Commissioning in education

Using the notion of commissioning in education is one of the main research agendas in our educational technology subgroup. However, commissioning is a very general term that is used in a variety of ways. Below, I will try to explain what I mean when I say commissioning in education and especially as it applies to the general commissioning platform that we are working on.

In the North East, as well as in most other regions, there is a wealth of intellectual, social, and physical resources that are under-utilized, and in some cases not utilized at all, despite their great potential to contribute to improving the learning experience and social capital of students. A number of initiatives have been made by individuals or organizations to link schools and businesses, public sector, and non-profit organisations, but these are done on a small scale and require a significant amount of coordination. These initiatives have usually proved to be very successful, with benefits to all the partners involved, but due to the amount of effort required to coordinate them, they remain small initiatives lasting only for a limited period of time. Our goal is to build a platform that can play a major role in building school-community partnerships with minimum manual coordination to ensure scalability and sustainability. It is an ambitious goal with many challenges, but that’s what makes it interesting and worthy of being a major research project.

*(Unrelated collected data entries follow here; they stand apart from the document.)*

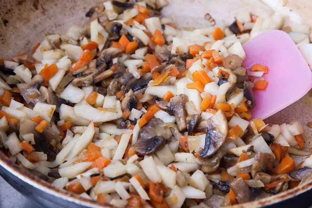 Овощную смесь добавьте в суп и варите до готовности гречки.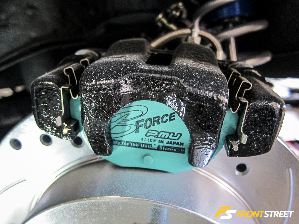 To increase braking performance, we purchased Stoptech slotted/drilled rotors, Project Mu B Force brake pads, and a set of Goodridge stainless steel brake lines. The drilled design of the rotors helps dissipate heat while the slotted grooves clean the pad, and are said to offer better bite and less brake fade in the process. The Project Mu B Force brake pads are designed to provide solid stopping power while emitting low dust and squeal properties.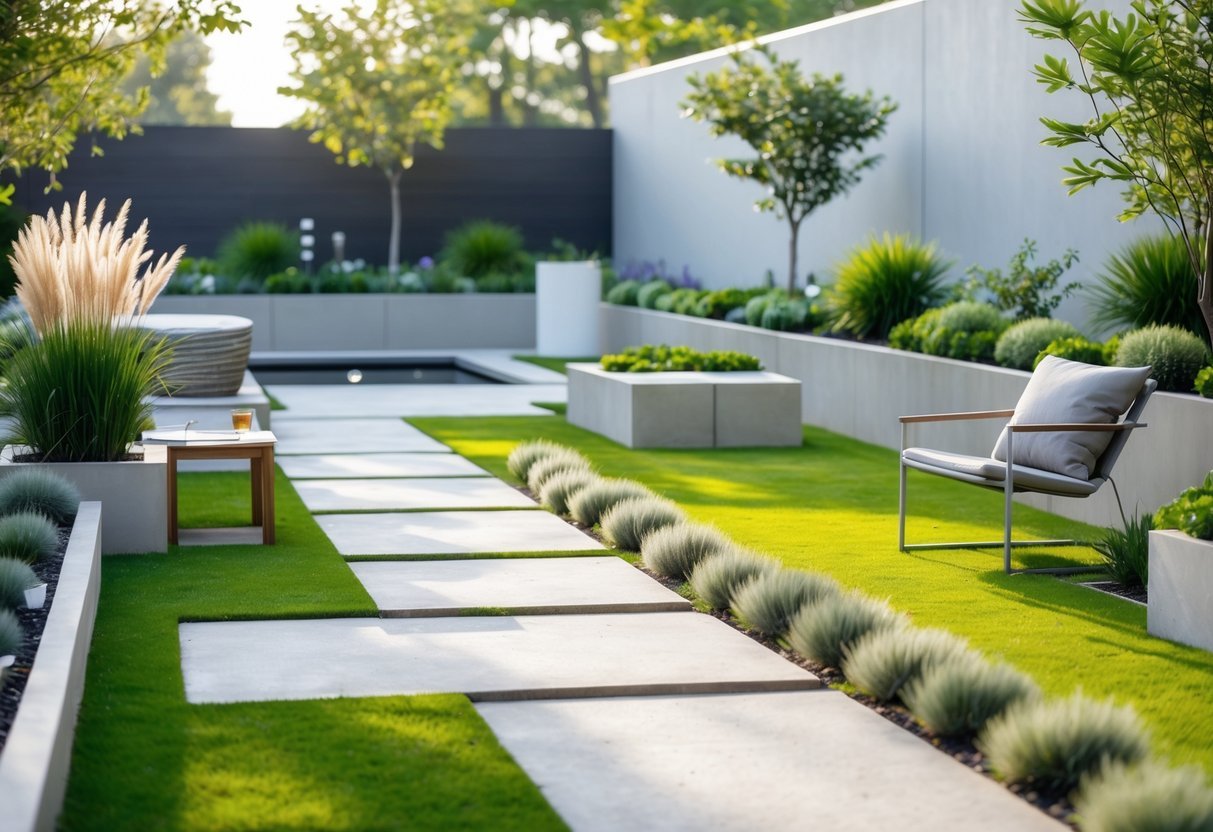 Use layered hardscape planes: a narrow concrete strip, a gravel bed, and raised planters to add depth. Replace a full lawn with lawn alternatives—gravel, groundcover, or synthetic turf in careful shapes.

Accordingly, the platform needs to support the following main features:

  • Allow anybody, including students, parents or local businesses, to propose a campaign, learning resource or data collection.
  • Provide tools and channels to help in promoting this idea with the aim of collecting enough endorsements to validate the need and support for any proposal.
  • Once enough support has been gathered, the platform must provide the mechanisms to prepare the required resources. This stage will vary largely depending on the proposed idea.

The main roles identified here are those of the idea proposer, supporters, contributors, and users/beneficiaries. Any person or organisation can play any of these roles. That is, while a local organisation can commission a school to carry out a certain project-based learning activity that has an educational benefit, the school, or even the students themselves, can commission the community members to contribute resources or collect data for them to use in school projects. The platform must therefore allow for a reciprocal relationship between the schools and their communities.

A commissioning platform in practice

Here is an example scenario of how the commissioning platform can be used:

A village shop owner wants to increase awareness about the benefits of shopping from the local village shop versus larger city supermarkets. The owner proposes the idea on the platform with the aim of commissioning students of the village school to lead an awareness campaign on the benefits of using local shops.

The idea gains support from other shop owners and some parents, and a geography teacher at the local school learns about the project.

The project moves to the design phase. The shop owners, with the help of the teacher, shape this idea into a project-based learning activity with clear learning goals. They agree on some key points to address, a time scale, and possible outcomes, such as flyers and an awareness video.

This ends up being a well-defined project-based learning activity that ticks a number of learning objectives around economy, society, environment, effects, and change; one that other teachers can use for their local areas as well.

Whilst carrying out the project, the students decide to start their own commissioning activity where they commission the local community to record short videos on mobile phones and provide data for the students to use to produce their flyers and awareness video.